Über 2.000 Steinartefakte entdeckten Archäologen nahe des Ortes Plakias an der Südküste Kretas. Dies ist nun an sich nicht so erstaunlich, bemerkenswert ist das Alter der Funde, die von dem Team um die griechische Archäologin Eleni Panagopoulou und ihrem US-Kollegen Thomas F. Strasser freigelegt wurden. Typologisch werden diese in den letzten zwei Jahren entdeckten Funde - Faustkeile und Schaber - zu der sogenannten Acheuléen-Kultur gezählt. Mit der Acheuléen-Kultur bezeichnet man eine charakteristische Herstellungsart von Steinartefakten, die vor 150.000 bis 1,5 Millionen Jahren von Afrika bis Europa verbreitet sind und dem Homo erectus zugeschrieben werden. Die Funde aus Kreta sind mindestens 130.000 Jahre alt, wie die geologische Datierung der Fundschicht ergab.
Da Kreta aber nun schon seit fünf Millionen Jahren eine Insel ist, müssen die Hersteller der Objekte in der Lage und vor allem Willens gewesen sein mit Booten größere Strecken auf dem Meer zurückzulegen. Dieser Umstand rüttelt nun ganz ordentlich an der bislang herrschenden Meinung in der Wissenschaftsgemeinde, denn diese Fähigkeit wurde/wird erst dem Homo sapiens zugesprochen. Wahrscheinlich sind diese frühsten Siedler Kretas nicht direkt von Lybien (200 km) auf die Insel gelangt. Vielmehr dürfte der Weg eher via Insel-Hopping vom griechischen oder türkischen Festland aus erfolgt sein.

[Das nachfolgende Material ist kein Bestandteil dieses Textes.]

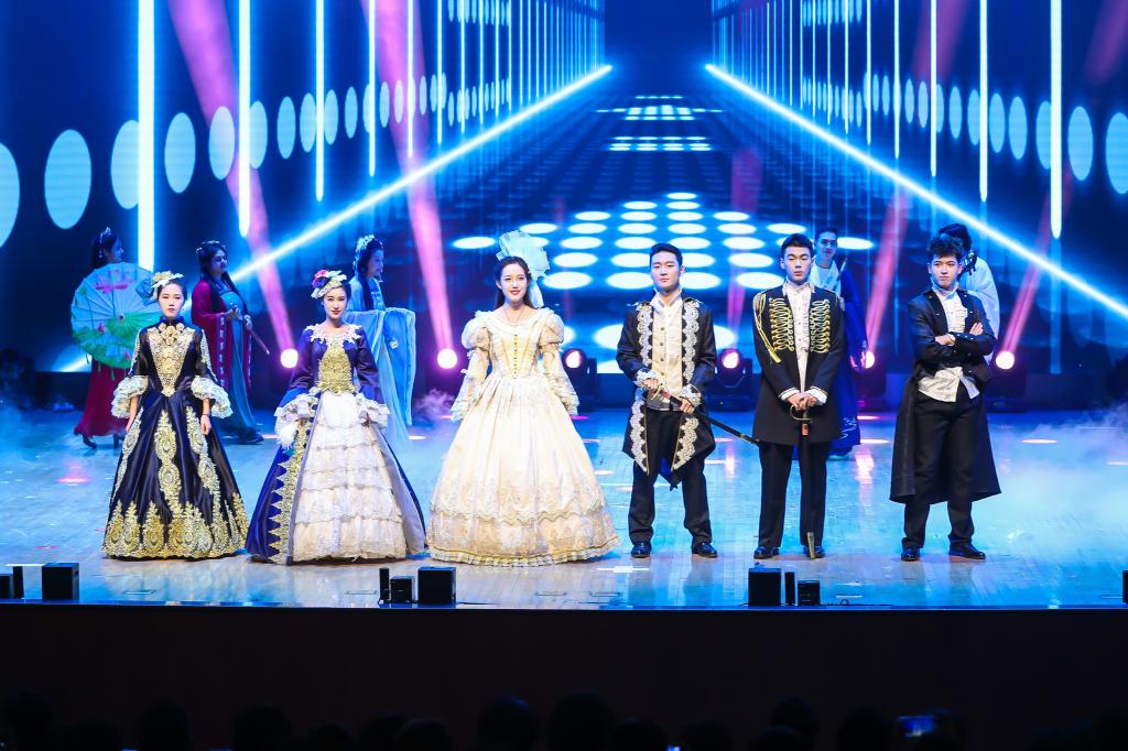 《East West》中外双方师生身着优雅的汉服和古典西式服装,伴着优美的旋律缓缓走来,展现了美美与共的文化交融。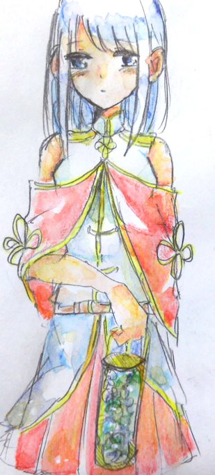 テストの息抜きに落描きを水彩色鉛筆で色塗りしてた #イラスト好きさんと繋がりたい #絵描きさんと繋がりたい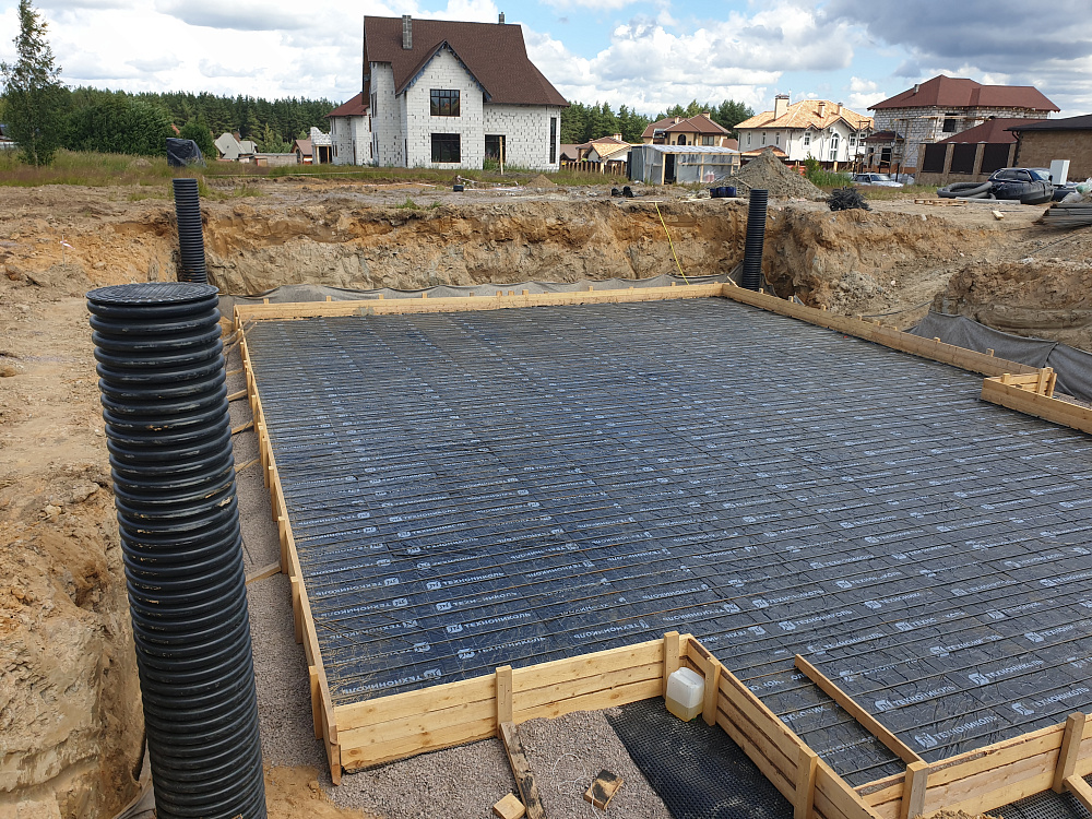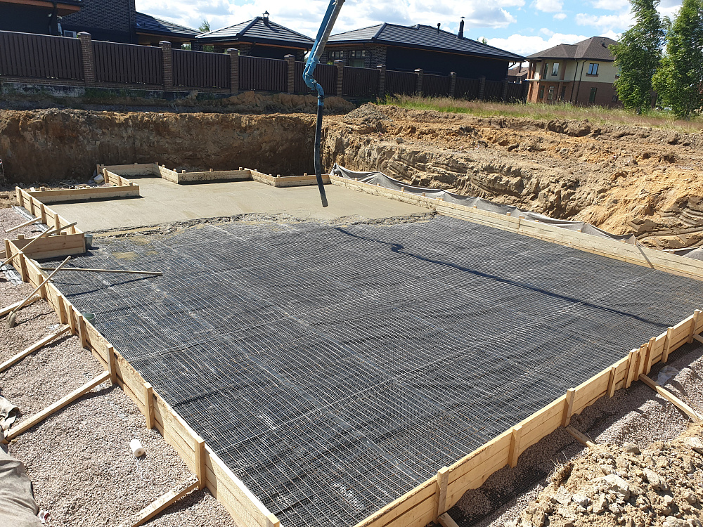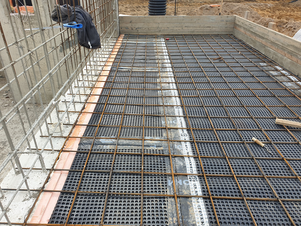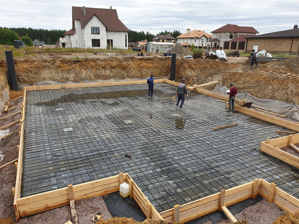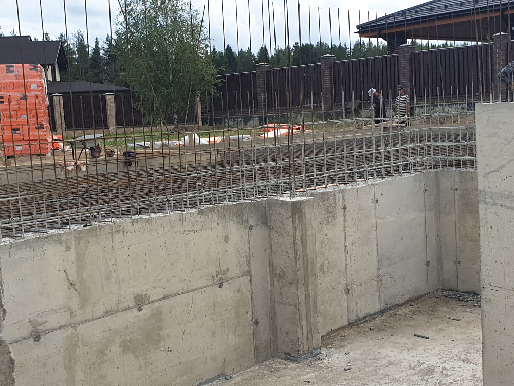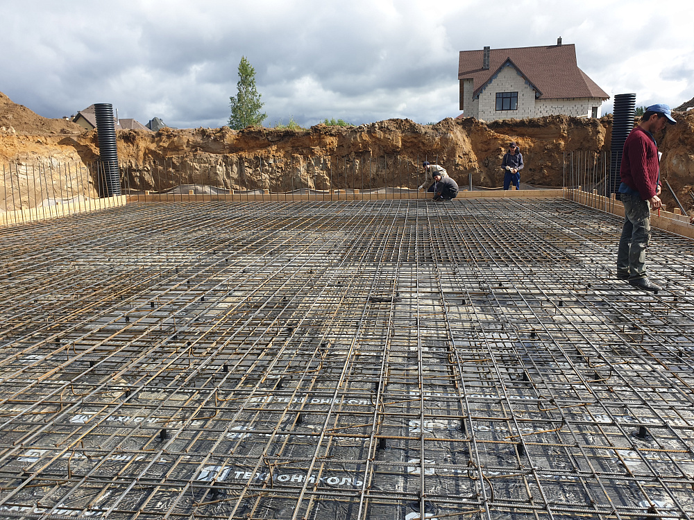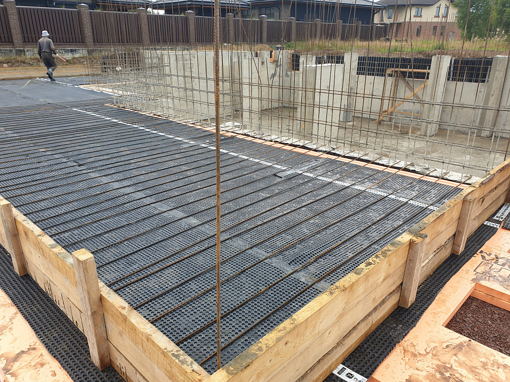 Фундаментная плита цокольного этажа выполнена по усиленной схеме: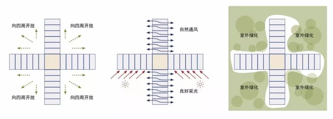 “十字”单元组合建筑向四周开放,有良好的采光与自然通风,并且最大化融于自然环境。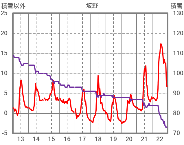| 日 | 時 | 気温 | 降水 | 風向/風速 | 日照 | 積雪 | 降雪 |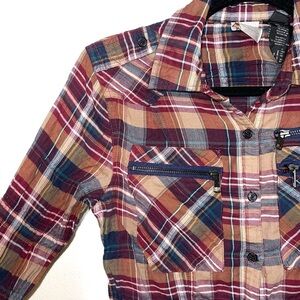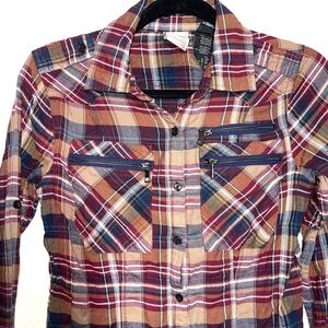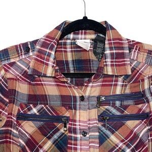 Harley Davidson Zipper Pocket Plaid Graphic Button Down Shirt Small Women’s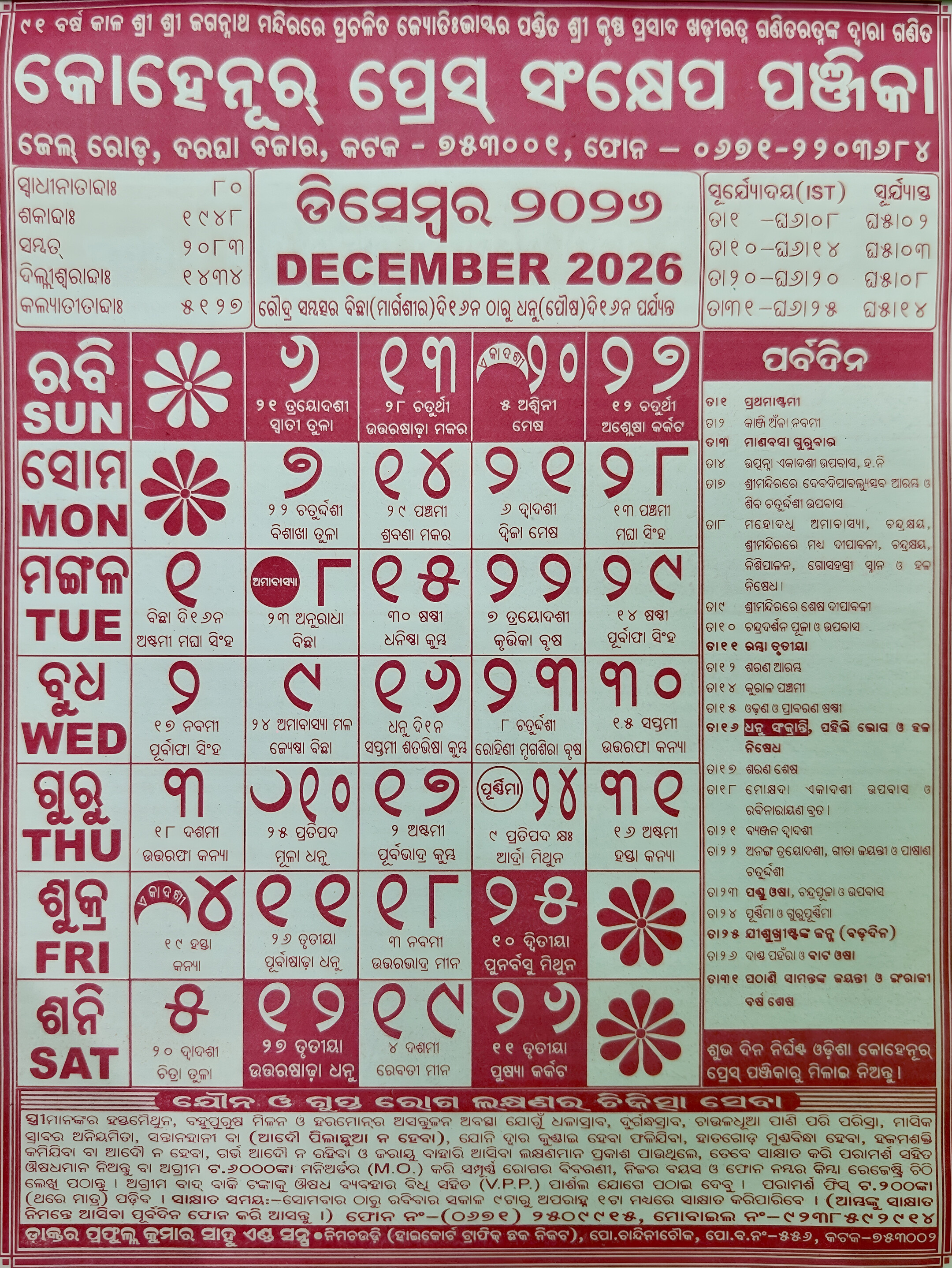 Detailed Insights: Odia Kohinoor Calendar December 2026
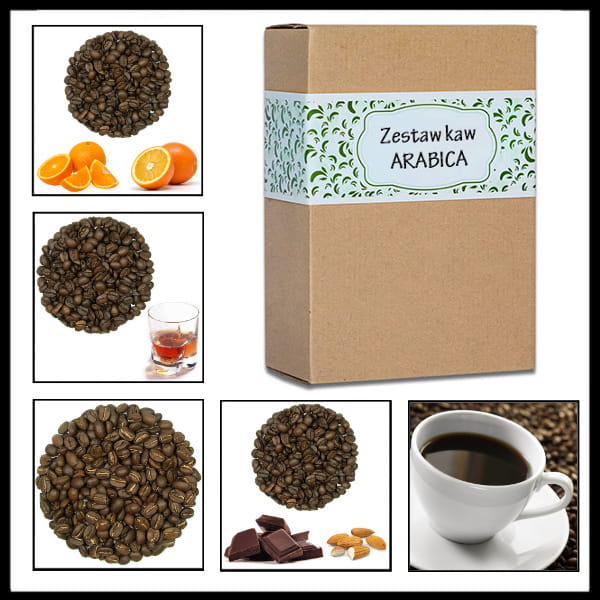 Smaczna Paczka Kawowa XXL Arabica 100% to duży zestaw kaw najwyższej jakości w pudełku typu EKO, zawiera 5 różnych, dużych torebek kaw Arabica 100%.
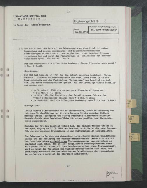 - im Juni/Juli 1987 die öffentiche Auslegung nach § 2 a Abs. 6 BBauG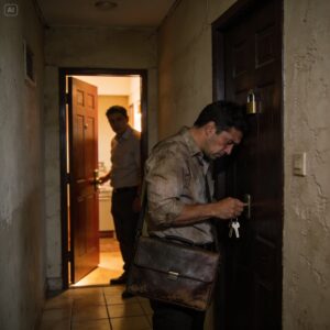 Le silence de l’immeuble était pesant, entrecoupé seulement par le ronronnement lointain de l’ascenseur et le battement sourd de mon propre cœur.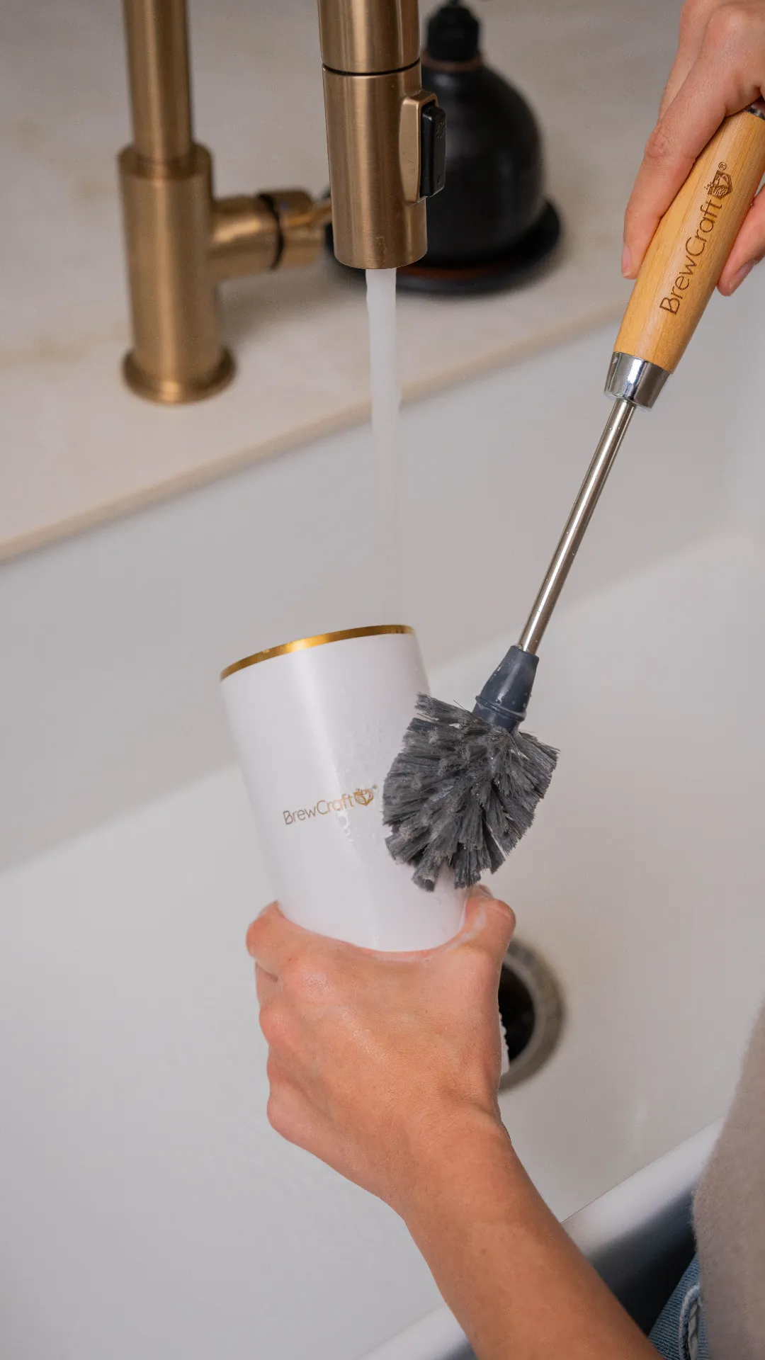 Tough nylon bristles reach every corner of your tumbler. Unlike ordinary brushes, they spring back to shape with a dip in hot water -ready to clean like new every time

Die Geschichte muss durch diese neuen Forschungsergebnisse aus Kreta nicht umgeschrieben werden, aber für die Besiedlung Europas durch den Homo erectus ergeben sich neue Möglichkeiten. Mit dem bisherigen Wissen war nur die Route über die Levante, die Türkei, Griechenland oder die Balkanregion möglich, jetzt ist es durchaus eine Überlegung wert, dass der Homo erectus die Meerenge von Gibraltar in Angriff genommen und so die iberische Halbinsel erreicht hat.